Neither the WAP access server 33 nor the content server 39 require
any form of access control other than the simple check that the
originating device is associated with a valid account. There is no
provision for suspending the "logon" process to allow for password
protection.
[0049] It can therefore be seen that the access scheme used by the
WAP system of FIGS. 3 and 4 is not capable of direct interaction
with the firewall system of FIGS. 1 and 2. The invention provides a
modification of the system of the firewall system FIG. 1 to allow
access by authorised users of mobile devices, as will now be
described.
[0050] The system as shown in FIG. 5 provides a secure access
server system 50 providing an interface between the mobile data
access system network 31, 32, 33 of FIG. 3 and the secure network
14, 19 of FIG. 1, comprising a number of access control servers 55,
56, 57, 58 which will be described in detail.
[0051] The customer equipment 31 (in this embodiment a WAP-enabled
mobile telephone) is connected through an access network 32 (a
cellular network according to the GSM/GPRS standard) to a network
access server (NAS) 33, in the same way as shown in FIG. 3. The
server 33 routes calls to a secure network 19 by way of a firewall
system 14 which provides secure access to the secure network 19.

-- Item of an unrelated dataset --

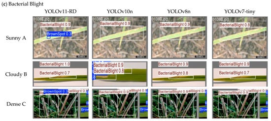 Practically, YOLOv11-RD effectively addresses the limitations of insufficient feature expression and low precision in traditional rice disease detection by introducing innovative modules such as SPPFLKC and C3k2-CFCGLU, significantly enhancing detection capabilities for small targets and dense areas in complex farmland environments. From a societal perspective, this model enables highly accurate real-time detection, reducing diagnostic delays, preventing disease spread, optimizing labor allocation, and cutting costs. The experimental results show improvements of 2.7% and 11.5% in mAP50 and mAP50-95, respectively, with a reduction of 4.58 M in the parameters and 1.1 G in the computational cost. This lightweight design not only improves accuracy but also ensures efficient deployment on resource-constrained systems. Future research should focus on optimizing the model’s generalization ability, deeper integration with edge computing devices, and exploring multi-modal data (e.g., spectral images, meteorological data) to further enhance detection performance, driving rice disease detection technology toward greater intelligence and efficiency.

The firewall 14 routes all calls from the dial up server 33 to the
secure access system 50, which is only accessible by way of the
firewall node 14. The firewall 14 is also positioned between the
secure access system 50 and the corporate network 19, so that
requests from the access system can only go to particular addresses
in the secure system 19 which have been suitably configured. It is
therefore possible to configure the secure system 19 to provide
access from the mobile units 31 to specified machines only.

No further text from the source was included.